St. Henry's Marist College, formerly known as St Henry's Marist Brothers' College is a co-educational private school with a Catholic foundation in Glenwood, Durban, KwaZulu-Natal, South Africa.

==History==
Saint Marcellin Champagnat, a young priest in rural south-east France, founded the Marist Brothers to educate the poor. The Brothers then spread to many parts of the world, arriving in Cape Town in 1867. In 1929, (after the Brothers had opened St. Charles College, Pietermaritzburg), the Brothers opened St Henry's with Brother Paul Eusterius as principal. Since then the school has greatly expanded, particularly under the previous principal, Dr Anthony Akal, who was at the helm from 1982 until 2011. The school has a wonderful aspect, along the Ridge above Durban with a view over the City to the bay on the one side and inland towards the Valley of a Thousand Hills on the other.

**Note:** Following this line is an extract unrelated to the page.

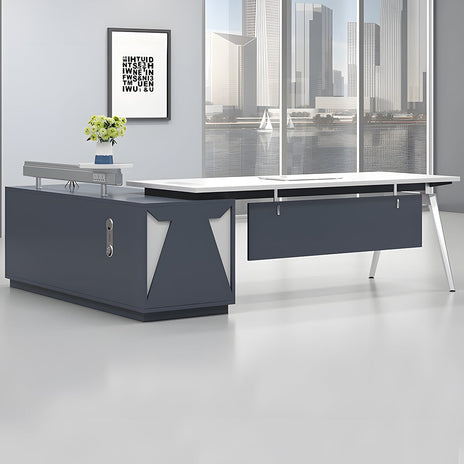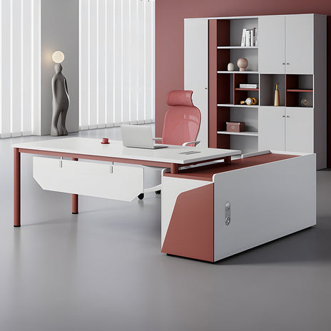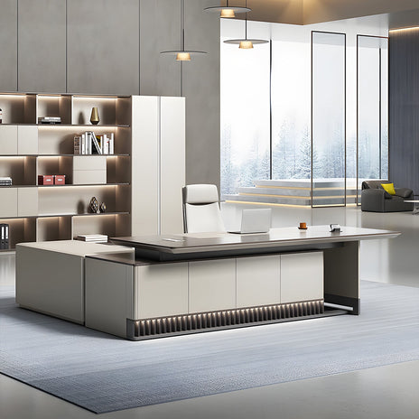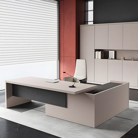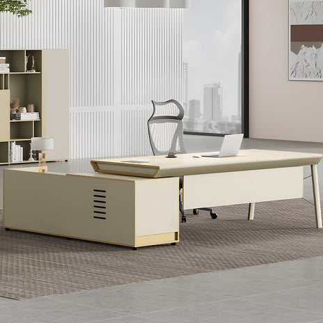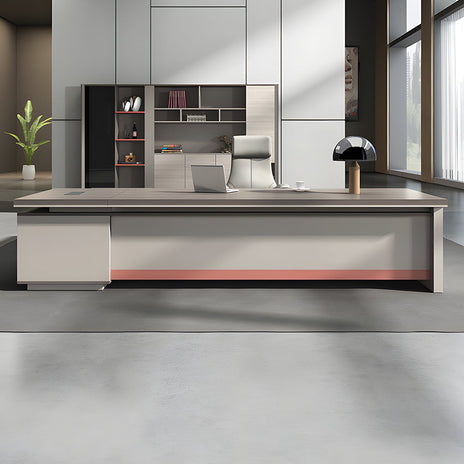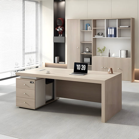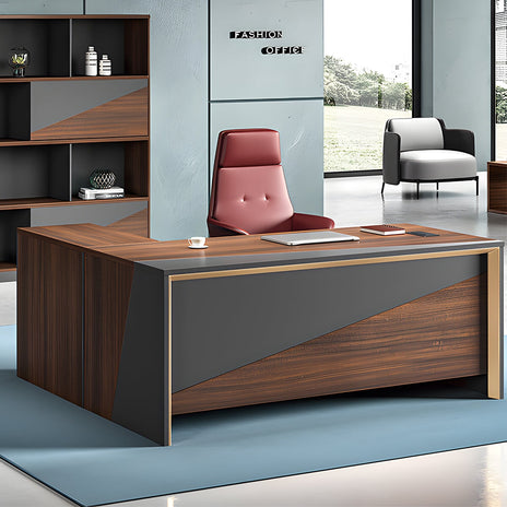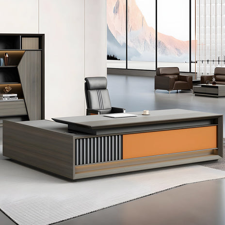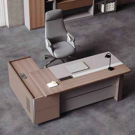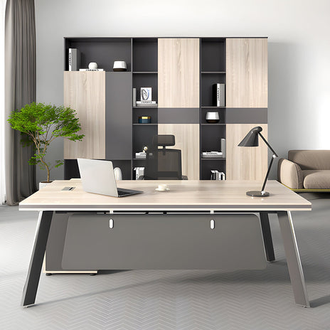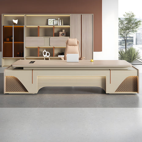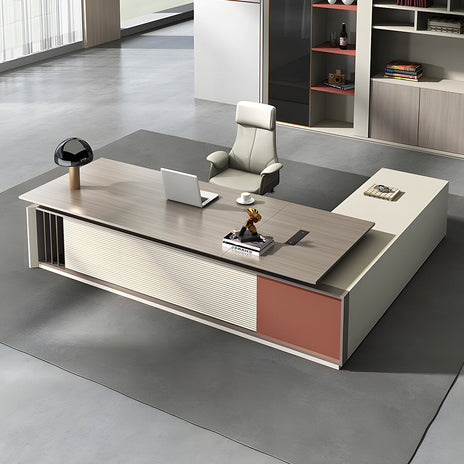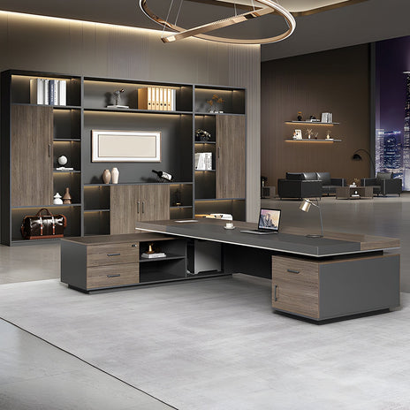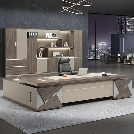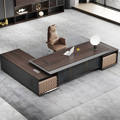 デスク 社長用 機能性 エグゼクティブデスク プレジデントデスク 爽やかな雰囲気 メラミン化粧板 サイドキャビネット 配線ボックス 卓上コンセント ブラウン カスタマイズ可能 LBZ-M029

The school started as a day school for boys, but has recently become co-educational. The Brothers gradually withdrew from the teaching life of the school (which is now under lay control) but still play a major part in the religious aspects of the school, upon which the College prides itself. The emphasis on religion, discipline and a strong sense of a "school-family" add to the school's appeal.

The school motto is Omnia Vincite, which means Conquer all difficulties.

==Facilities==
===General facilities===
The school recently refurbished the tuck shop. The school also has four fields, an amphitheater, an observatory, and a state-of-the-art Learning Resources Center, which contains a library section, teaching venues, a computer room and a Long Distance Audio Visual room. Many of the school's classrooms were recently equipped with Smartboards.

The school also has a gymnasium, chapel and two laboratories. The Foundation Phase playground and school gardens have also been significantly improved.

===Recent expansions===

In 2010, the College moved its Art Department to a large house next to the school. The ground floor of this house was converted into a teaching venue complete with a small library, classroom, office and veranda for working on large projects. An Academic Support Center has been launched on the upper floors of the house.

The College also recently expanded its Music School, which now contains four practice rooms, and a main teaching room. Each room has been soundproofed, and the syllabus has been broadened to include music as an official school subject.

The school is a member of the Durban Youth Council, and has a strong representation in the organisation.